Stored dataset items:
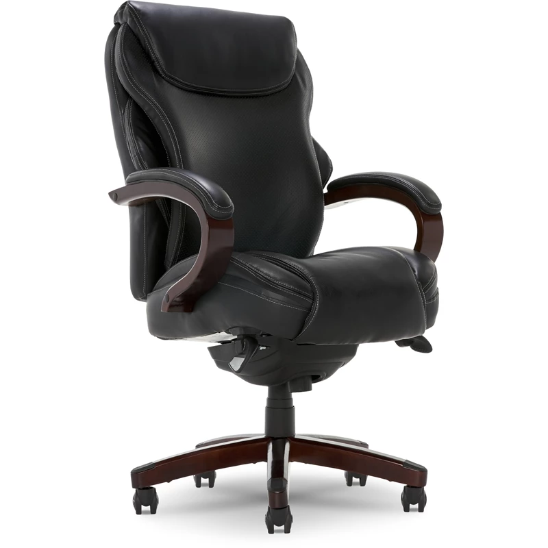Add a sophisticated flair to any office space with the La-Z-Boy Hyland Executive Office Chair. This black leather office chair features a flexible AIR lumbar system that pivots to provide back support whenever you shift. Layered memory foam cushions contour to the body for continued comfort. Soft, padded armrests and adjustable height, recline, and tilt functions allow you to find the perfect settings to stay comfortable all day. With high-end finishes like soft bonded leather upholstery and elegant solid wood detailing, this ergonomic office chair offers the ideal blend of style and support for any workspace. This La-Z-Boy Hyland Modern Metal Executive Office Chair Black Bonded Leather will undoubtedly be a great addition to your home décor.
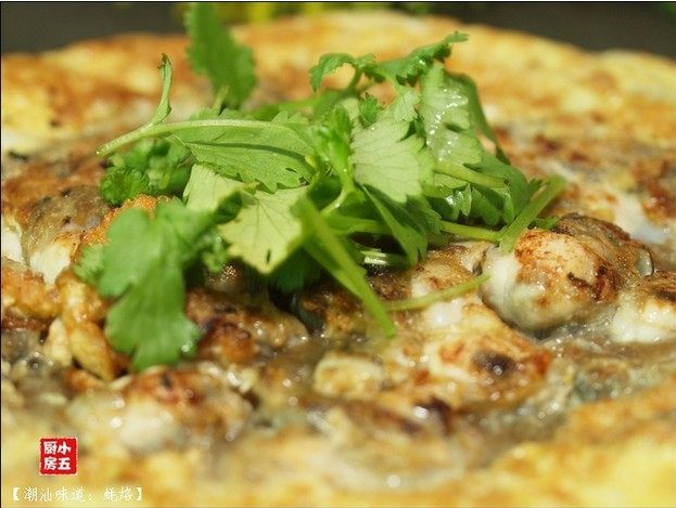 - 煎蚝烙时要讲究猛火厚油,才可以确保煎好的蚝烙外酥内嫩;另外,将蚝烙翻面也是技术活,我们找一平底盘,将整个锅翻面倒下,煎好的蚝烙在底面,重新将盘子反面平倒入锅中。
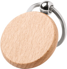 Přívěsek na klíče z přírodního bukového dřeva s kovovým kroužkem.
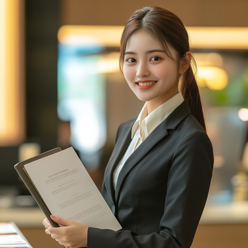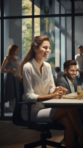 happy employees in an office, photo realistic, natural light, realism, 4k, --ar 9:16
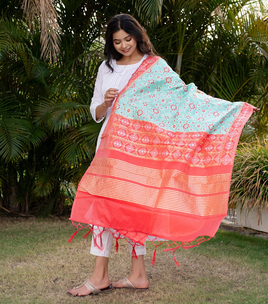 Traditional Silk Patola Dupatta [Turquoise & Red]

**PROMPT**
A faithful, word-for-word copy of the records above, pictures left out, is the answer.

**FINAL ANSWER**
Add a sophisticated flair to any office space with the La-Z-Boy Hyland Executive Office Chair. This black leather office chair features a flexible AIR lumbar system that pivots to provide back support whenever you shift. Layered memory foam cushions contour to the body for continued comfort. Soft, padded armrests and adjustable height, recline, and tilt functions allow you to find the perfect settings to stay comfortable all day. With high-end finishes like soft bonded leather upholstery and elegant solid wood detailing, this ergonomic office chair offers the ideal blend of style and support for any workspace. This La-Z-Boy Hyland Modern Metal Executive Office Chair Black Bonded Leather will undoubtedly be a great addition to your home décor.
 - 煎蚝烙时要讲究猛火厚油,才可以确保煎好的蚝烙外酥内嫩;另外,将蚝烙翻面也是技术活,我们找一平底盘,将整个锅翻面倒下,煎好的蚝烙在底面,重新将盘子反面平倒入锅中。
 Přívěsek na klíče z přírodního bukového dřeva s kovovým kroužkem.
 happy employees in an office, photo realistic, natural light, realism, 4k, --ar 9:16
 Traditional Silk Patola Dupatta [Turquoise & Red]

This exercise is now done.